(Extracted data):
┄┄┄┄┄┄┄┄┄┄

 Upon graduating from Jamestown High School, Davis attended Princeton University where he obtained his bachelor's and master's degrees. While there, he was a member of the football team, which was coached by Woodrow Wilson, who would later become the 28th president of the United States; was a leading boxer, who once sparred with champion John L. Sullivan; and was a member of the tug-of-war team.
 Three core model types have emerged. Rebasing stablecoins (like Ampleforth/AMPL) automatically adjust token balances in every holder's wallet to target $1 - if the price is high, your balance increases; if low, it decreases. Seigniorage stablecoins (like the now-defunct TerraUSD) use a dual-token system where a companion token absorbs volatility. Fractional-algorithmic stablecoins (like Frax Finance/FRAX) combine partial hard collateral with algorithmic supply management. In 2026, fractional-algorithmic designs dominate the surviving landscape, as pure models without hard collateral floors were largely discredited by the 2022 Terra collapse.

┄┄┄┄┄┄┄┄┄┄

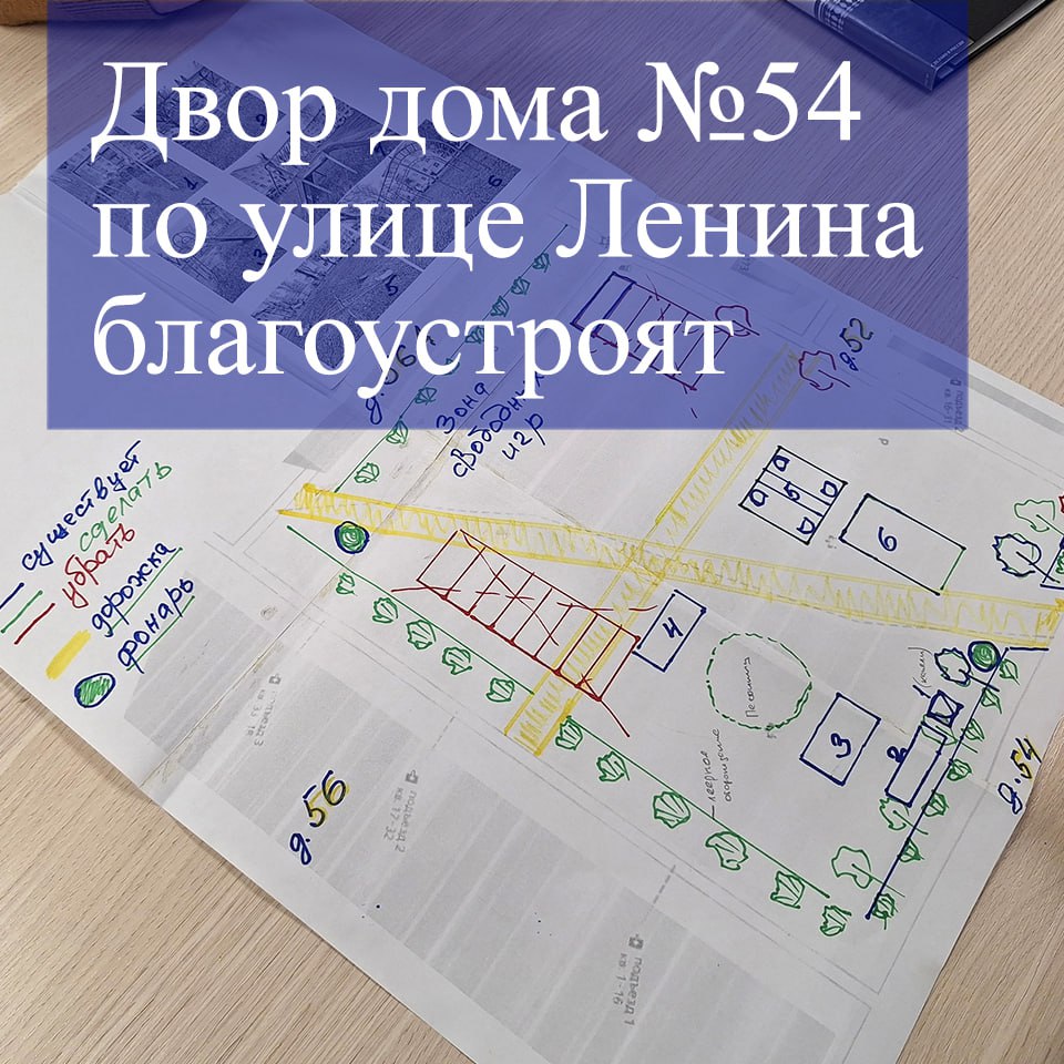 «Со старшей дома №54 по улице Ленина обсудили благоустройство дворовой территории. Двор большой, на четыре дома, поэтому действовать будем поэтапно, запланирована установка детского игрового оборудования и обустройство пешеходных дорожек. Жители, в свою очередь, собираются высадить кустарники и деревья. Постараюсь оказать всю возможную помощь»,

┄┄┄┄┄┄┄┄┄┄

(Work request): Within the material above, copy exactly the lines from the line that holds "Upon graduating from" up to and including the line that holds "Three core model".

(Reply to the exercise):
 Upon graduating from Jamestown High School, Davis attended Princeton University where he obtained his bachelor's and master's degrees. While there, he was a member of the football team, which was coached by Woodrow Wilson, who would later become the 28th president of the United States; was a leading boxer, who once sparred with champion John L. Sullivan; and was a member of the tug-of-war team.
 Three core model types have emerged. Rebasing stablecoins (like Ampleforth/AMPL) automatically adjust token balances in every holder's wallet to target $1 - if the price is high, your balance increases; if low, it decreases. Seigniorage stablecoins (like the now-defunct TerraUSD) use a dual-token system where a companion token absorbs volatility. Fractional-algorithmic stablecoins (like Frax Finance/FRAX) combine partial hard collateral with algorithmic supply management. In 2026, fractional-algorithmic designs dominate the surviving landscape, as pure models without hard collateral floors were largely discredited by the 2022 Terra collapse.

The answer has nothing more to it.